State Agency Stays Out of Cancer Hospital Fight

A state agency has tabled a controversial proposal to eliminate state requirements for Cancer Treatment Centers of America’s hospital in Newnan.

Clyde Reese, commissioner of the Department of Community Health, said at the agency board meeting Thursday that the CTCA proposal had triggered a reaction from the Georgia hospital industry that was “overwhelmingly negative.”

Given that response, Reese said, he decided his agency was “not the proper venue to vet the proposal.”

The Community Health’s board had been expected to vote Thursday on the plan.

If approved, the proposal would have allowed CTCA’s Georgia facility to reclassify as a general acute-care hospital — and thus shed the current restriction of having no more than 35 percent of its patients come from Georgia.

Separately, Reese said that he had yet to review an updated proposal by Atlanta-based Grady Health System to apply for a Medicaid “waiver’’ to cover more uninsured people.

He added that a Georgia Chamber of Commerce effort to study alternatives to Medicaid expansion will have to come up with a proposal that Gov. Nathan Deal sees as not too burdensome on the state budget.

Deal and state legislative leaders have already blocked expansion in Georgia because of cost concerns.

Politics and regulations

The Georgia hospital industry, which has been critical of Cancer Treatment Centers of America and was united in opposition to the proposed loosening of restrictions, applauded the agency’s move.

“We’re encouraged by the decision today,’’ said Earl Rogers, president of the Georgia Hospital Association. “I think the board saw the overwhelming opposition to the proposal.”

But Rogers suggested that CTCA might take its bid for fewer restrictions back to the Georgia Legislature.

Reese, speaking to reporters after the meeting, indicated the same expectation. “I think it became clear that the issue and argument need to occur back at the General Assembly,” he said.

A CTCA executive told GHN that he was “definitely disappointed’’ by the agency’s decision.

“It’s too bad to see politics get in the way of patients’ choice,’’ said David Kent, chief operating officer for the Newnan cancer facility.

Kent said the hospital industry “used the political system to restrict consumer choice [and] block competition.”

He added that he was not sure of CTCA’s next move on the issue, including whether to pursue new legislation in the General Assembly.

“We have [Georgia] patients who are trying to get access to us,’’ Kent said.

Last month, GHA chief Rogers said at a public hearing on the proposal that CTCA has the reputation of “cherry picking’’ patients with the best insurance coverage.

He called the reclassification idea “an end-around”’ the General Assembly’s authority over health care. And Rogers noted that if CTCA converts to a general hospital, it would not have to offer emergency room services.

“Not one [other] hospital supports this rule change,’’ Rogers declared.

If the board had approved the plan, the cancer hospital would still have had to win a “certificate of need’’ (CON) for that change in classification.
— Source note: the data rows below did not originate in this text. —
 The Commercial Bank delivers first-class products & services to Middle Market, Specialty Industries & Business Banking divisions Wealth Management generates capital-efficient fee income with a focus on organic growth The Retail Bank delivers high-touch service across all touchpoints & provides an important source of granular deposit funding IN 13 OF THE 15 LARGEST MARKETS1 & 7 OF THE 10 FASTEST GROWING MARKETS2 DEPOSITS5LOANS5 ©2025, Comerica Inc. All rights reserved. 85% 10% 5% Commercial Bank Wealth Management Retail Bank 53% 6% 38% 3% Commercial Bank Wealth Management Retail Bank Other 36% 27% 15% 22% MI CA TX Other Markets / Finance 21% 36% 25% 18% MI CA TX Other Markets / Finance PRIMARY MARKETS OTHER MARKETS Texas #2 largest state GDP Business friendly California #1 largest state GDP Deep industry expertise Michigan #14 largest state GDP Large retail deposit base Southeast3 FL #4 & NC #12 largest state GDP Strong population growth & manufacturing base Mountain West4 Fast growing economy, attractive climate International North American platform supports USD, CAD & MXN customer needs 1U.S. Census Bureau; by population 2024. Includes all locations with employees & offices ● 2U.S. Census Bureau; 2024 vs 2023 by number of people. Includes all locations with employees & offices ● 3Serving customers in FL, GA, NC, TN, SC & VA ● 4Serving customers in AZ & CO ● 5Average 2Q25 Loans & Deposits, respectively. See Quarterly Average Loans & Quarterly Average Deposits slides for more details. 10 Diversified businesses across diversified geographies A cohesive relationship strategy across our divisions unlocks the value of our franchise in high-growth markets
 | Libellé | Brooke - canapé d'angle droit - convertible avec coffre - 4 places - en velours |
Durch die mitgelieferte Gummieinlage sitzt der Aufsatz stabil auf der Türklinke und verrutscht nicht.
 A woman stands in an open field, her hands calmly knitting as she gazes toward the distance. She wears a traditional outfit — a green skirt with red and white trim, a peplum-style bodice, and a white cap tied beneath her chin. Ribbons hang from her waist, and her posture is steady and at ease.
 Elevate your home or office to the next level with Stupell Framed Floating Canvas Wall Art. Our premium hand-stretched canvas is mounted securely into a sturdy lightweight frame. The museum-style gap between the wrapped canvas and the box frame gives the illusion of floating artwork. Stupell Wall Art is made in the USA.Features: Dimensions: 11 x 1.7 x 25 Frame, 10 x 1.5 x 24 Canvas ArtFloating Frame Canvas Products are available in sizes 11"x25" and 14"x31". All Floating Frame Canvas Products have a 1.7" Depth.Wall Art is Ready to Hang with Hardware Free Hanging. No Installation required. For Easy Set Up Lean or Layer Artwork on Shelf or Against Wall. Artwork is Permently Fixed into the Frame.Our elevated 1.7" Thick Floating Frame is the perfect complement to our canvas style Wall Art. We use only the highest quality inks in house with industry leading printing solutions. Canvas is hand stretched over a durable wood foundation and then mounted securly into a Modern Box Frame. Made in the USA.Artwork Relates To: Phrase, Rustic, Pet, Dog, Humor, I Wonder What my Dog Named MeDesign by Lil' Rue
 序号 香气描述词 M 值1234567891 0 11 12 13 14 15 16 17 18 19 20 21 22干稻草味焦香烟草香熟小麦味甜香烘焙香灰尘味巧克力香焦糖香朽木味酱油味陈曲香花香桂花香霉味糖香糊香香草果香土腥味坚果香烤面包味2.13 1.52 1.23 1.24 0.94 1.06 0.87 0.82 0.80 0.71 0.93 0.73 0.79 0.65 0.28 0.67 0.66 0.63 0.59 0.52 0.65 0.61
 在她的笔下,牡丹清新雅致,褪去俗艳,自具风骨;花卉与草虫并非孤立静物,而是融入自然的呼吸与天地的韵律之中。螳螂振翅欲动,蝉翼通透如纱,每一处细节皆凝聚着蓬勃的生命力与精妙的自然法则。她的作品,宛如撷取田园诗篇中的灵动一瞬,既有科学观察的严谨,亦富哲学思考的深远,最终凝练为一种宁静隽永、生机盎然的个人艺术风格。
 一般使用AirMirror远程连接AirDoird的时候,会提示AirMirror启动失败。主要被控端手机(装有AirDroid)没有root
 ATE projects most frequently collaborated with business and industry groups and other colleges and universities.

CON is the regulatory apparatus in Georgia, as in some other states, that governs the construction and expansion of health care facilities. Under Georgia law, hospitals are required to obtain CON licenses for major construction projects and expansions of service.

 

Not a new battle

Cancer Treatment Centers of America is a for-profit company known for its sophisticated marketing. It operates five regional cancer hospitals: the one in Newnan, south of Atlanta, which opened in 2012, as well as centers in Philadelphia, Tulsa, Phoenix and Chicago.

Other Georgia hospitals were wary of CTCA’s entry into the market, and they have fiercely fought efforts to expand its footprint here.

The Newnan hospital has operated under certain state-imposed restrictions in Georgia since it opened. Those rules were set by the Georgia General Assembly to satisfy the concerns of critics of the chain.

CTCA has been lobbying state lawmakers to ease the restrictions, but it dropped that effort this year after its support for new legislation was unsuccessful. The proposal for a Community Health reclassification reflected a new avenue toward achieving the same goal, but on Thursday it proved a dead end.

Speaking to reporters after the meeting, Reese said Grady’s new version of its Medicaid waiver plan, at his request, contained information on including people who are classified “aged, blind and disabled,’’ along with people whose incomes are below 100 percent of poverty.

Matt Hicks, a Grady executive, told GHN that the safety-net organization’s waiver plan “has shown it has no cost to the state, and that there’s federal precedent’’ for the move.

Reese noted that Gov. Deal had set firm guidelines for the Georgia Chamber’s study on an alternative to Medicaid expansion that would increase access to care.

Any proposal must leave the state “in a fiscally sound position and leave the Department [of Community Health] and Medicaid fiscally solvent,” Reese said.